Your assignment. Your answer should be only the lines below from the one with "Next-gen Durapella - Slate" to the one with "アカウント情報は、Micro", repeated exactly, ends included.

[Records from a data source]
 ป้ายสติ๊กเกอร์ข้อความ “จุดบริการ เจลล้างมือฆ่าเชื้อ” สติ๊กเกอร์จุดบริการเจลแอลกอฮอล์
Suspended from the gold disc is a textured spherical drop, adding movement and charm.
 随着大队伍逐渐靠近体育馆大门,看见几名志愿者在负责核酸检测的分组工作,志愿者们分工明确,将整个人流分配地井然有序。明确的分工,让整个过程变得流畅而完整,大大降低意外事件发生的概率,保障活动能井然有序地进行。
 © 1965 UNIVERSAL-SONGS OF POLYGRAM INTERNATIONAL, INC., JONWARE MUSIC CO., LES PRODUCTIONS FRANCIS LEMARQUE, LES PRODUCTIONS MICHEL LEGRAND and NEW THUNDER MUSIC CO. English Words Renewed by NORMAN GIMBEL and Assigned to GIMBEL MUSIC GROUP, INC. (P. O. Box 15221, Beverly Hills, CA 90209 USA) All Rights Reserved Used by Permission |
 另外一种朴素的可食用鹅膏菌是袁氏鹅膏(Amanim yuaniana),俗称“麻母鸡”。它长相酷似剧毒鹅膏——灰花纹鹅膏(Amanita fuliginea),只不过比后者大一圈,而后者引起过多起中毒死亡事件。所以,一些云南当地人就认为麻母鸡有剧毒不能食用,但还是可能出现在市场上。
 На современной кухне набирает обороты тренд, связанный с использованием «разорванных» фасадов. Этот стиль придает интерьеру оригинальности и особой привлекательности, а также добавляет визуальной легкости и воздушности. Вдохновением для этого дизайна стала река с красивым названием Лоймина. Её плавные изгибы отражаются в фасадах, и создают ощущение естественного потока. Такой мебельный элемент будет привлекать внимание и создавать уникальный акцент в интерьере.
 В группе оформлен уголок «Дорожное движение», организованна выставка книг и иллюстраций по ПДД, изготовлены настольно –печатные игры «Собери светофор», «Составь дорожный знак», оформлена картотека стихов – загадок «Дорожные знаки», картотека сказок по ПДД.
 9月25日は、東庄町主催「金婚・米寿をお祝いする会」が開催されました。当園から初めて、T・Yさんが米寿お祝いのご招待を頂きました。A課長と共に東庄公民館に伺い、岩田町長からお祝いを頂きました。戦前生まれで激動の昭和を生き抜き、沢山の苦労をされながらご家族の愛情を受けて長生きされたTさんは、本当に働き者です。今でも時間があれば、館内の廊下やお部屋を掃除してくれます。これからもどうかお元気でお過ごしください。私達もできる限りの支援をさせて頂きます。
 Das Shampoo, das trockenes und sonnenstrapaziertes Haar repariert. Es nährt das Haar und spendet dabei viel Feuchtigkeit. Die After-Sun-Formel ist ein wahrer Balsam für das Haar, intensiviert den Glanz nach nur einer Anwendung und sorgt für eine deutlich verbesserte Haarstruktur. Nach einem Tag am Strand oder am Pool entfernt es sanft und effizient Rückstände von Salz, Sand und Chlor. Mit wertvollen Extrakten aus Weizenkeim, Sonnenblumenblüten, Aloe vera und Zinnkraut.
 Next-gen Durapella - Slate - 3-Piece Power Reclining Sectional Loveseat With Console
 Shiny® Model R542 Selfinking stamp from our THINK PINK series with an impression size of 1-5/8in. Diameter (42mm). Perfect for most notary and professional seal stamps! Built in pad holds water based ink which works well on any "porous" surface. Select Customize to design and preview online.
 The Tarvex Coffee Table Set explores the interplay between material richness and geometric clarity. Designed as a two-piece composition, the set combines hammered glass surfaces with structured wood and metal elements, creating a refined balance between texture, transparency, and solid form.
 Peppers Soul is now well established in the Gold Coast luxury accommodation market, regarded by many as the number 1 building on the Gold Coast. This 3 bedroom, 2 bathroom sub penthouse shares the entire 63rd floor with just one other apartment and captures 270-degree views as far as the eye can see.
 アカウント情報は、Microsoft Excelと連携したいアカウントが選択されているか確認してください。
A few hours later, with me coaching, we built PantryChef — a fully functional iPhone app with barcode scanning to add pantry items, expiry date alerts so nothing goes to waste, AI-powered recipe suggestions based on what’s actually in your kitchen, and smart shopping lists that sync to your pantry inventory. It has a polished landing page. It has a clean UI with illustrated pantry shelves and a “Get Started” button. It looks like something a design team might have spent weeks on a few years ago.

Answer to the exercise.
 Next-gen Durapella - Slate - 3-Piece Power Reclining Sectional Loveseat With Console
 Shiny® Model R542 Selfinking stamp from our THINK PINK series with an impression size of 1-5/8in. Diameter (42mm). Perfect for most notary and professional seal stamps! Built in pad holds water based ink which works well on any "porous" surface. Select Customize to design and preview online.
 The Tarvex Coffee Table Set explores the interplay between material richness and geometric clarity. Designed as a two-piece composition, the set combines hammered glass surfaces with structured wood and metal elements, creating a refined balance between texture, transparency, and solid form.
 Peppers Soul is now well established in the Gold Coast luxury accommodation market, regarded by many as the number 1 building on the Gold Coast. This 3 bedroom, 2 bathroom sub penthouse shares the entire 63rd floor with just one other apartment and captures 270-degree views as far as the eye can see.
 アカウント情報は、Microsoft Excelと連携したいアカウントが選択されているか確認してください。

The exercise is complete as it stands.